- Problem requirements
Transcribe, starting at the line with "ОТВЕТ на задание" and ending at the line with "Цветок Главные части: Пестик: -рыльце", every line of the material below exactly, but leave out the pictures and anything outside that span.

- Data for analysis
════
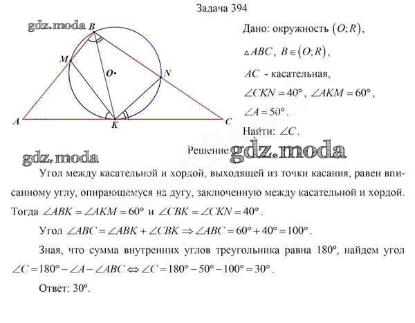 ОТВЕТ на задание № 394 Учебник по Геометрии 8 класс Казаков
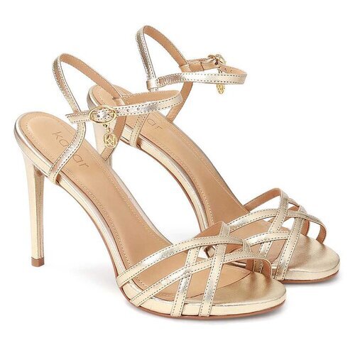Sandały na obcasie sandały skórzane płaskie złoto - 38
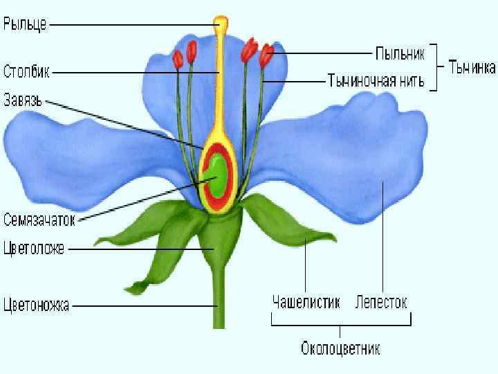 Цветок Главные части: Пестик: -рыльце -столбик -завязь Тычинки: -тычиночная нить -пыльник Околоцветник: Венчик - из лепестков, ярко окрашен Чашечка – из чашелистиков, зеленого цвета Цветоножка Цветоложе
════
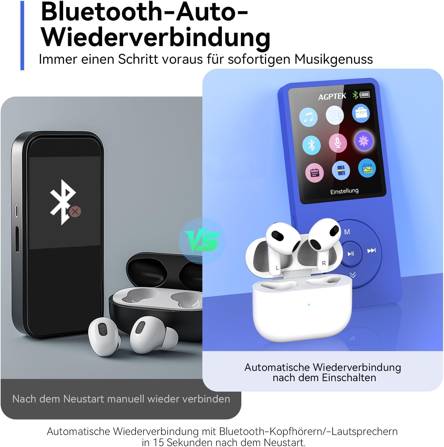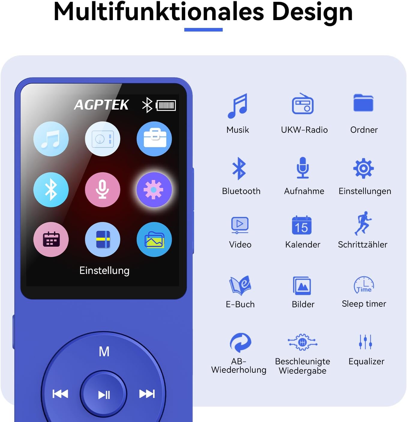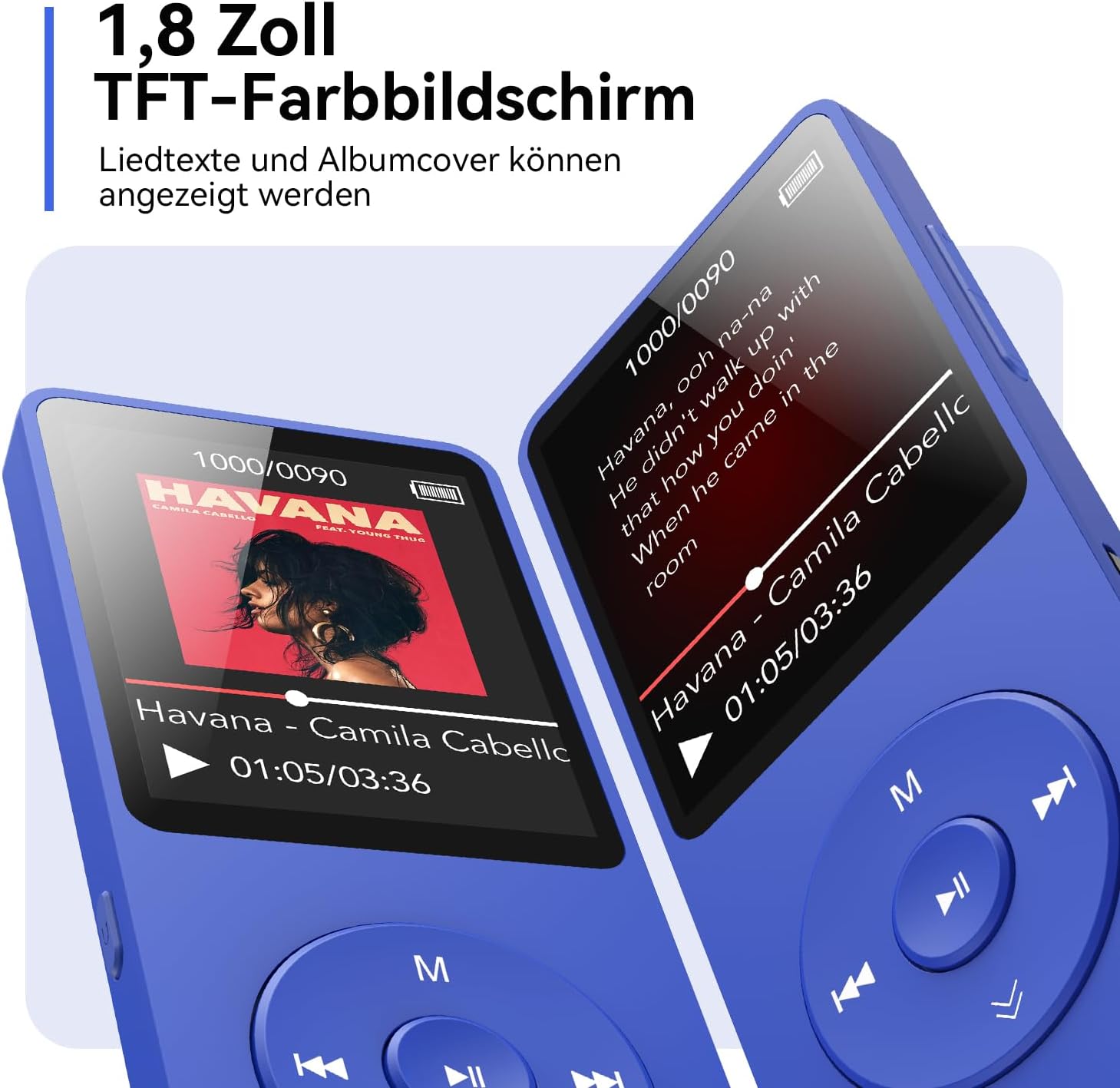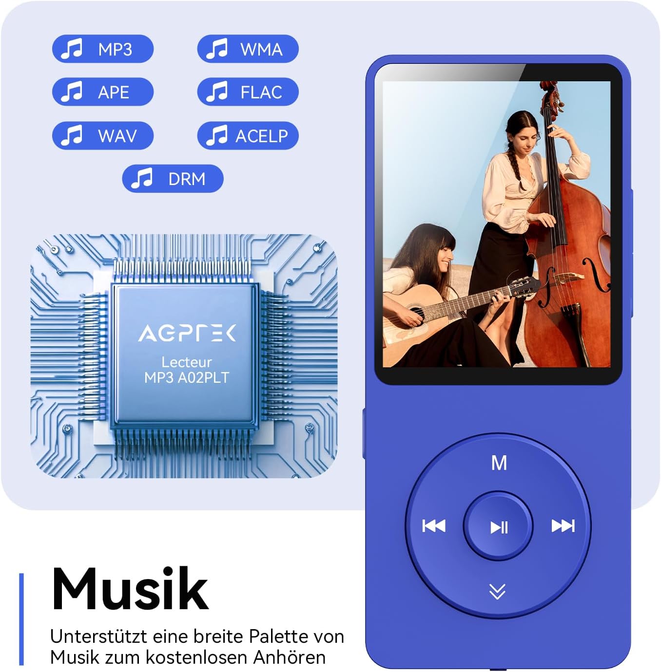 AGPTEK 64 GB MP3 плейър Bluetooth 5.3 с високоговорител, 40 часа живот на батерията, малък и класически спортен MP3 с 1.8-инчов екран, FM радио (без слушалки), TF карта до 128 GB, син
════
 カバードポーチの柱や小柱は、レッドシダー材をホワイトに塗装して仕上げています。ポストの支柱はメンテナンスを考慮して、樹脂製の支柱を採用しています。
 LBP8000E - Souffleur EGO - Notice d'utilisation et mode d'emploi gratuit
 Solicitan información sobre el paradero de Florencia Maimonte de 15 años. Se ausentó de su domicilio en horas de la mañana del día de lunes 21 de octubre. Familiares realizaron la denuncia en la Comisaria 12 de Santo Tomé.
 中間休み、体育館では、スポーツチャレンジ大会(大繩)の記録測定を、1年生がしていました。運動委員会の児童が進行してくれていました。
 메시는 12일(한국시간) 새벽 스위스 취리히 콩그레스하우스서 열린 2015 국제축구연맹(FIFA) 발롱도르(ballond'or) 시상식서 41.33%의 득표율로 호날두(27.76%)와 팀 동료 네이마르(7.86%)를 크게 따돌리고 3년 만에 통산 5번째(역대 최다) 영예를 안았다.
════
- Solution for this exercise
 ОТВЕТ на задание № 394 Учебник по Геометрии 8 класс Казаков
Sandały na obcasie sandały skórzane płaskie złoto - 38
 Цветок Главные части: Пестик: -рыльце -столбик -завязь Тычинки: -тычиночная нить -пыльник Околоцветник: Венчик - из лепестков, ярко окрашен Чашечка – из чашелистиков, зеленого цвета Цветоножка Цветоложе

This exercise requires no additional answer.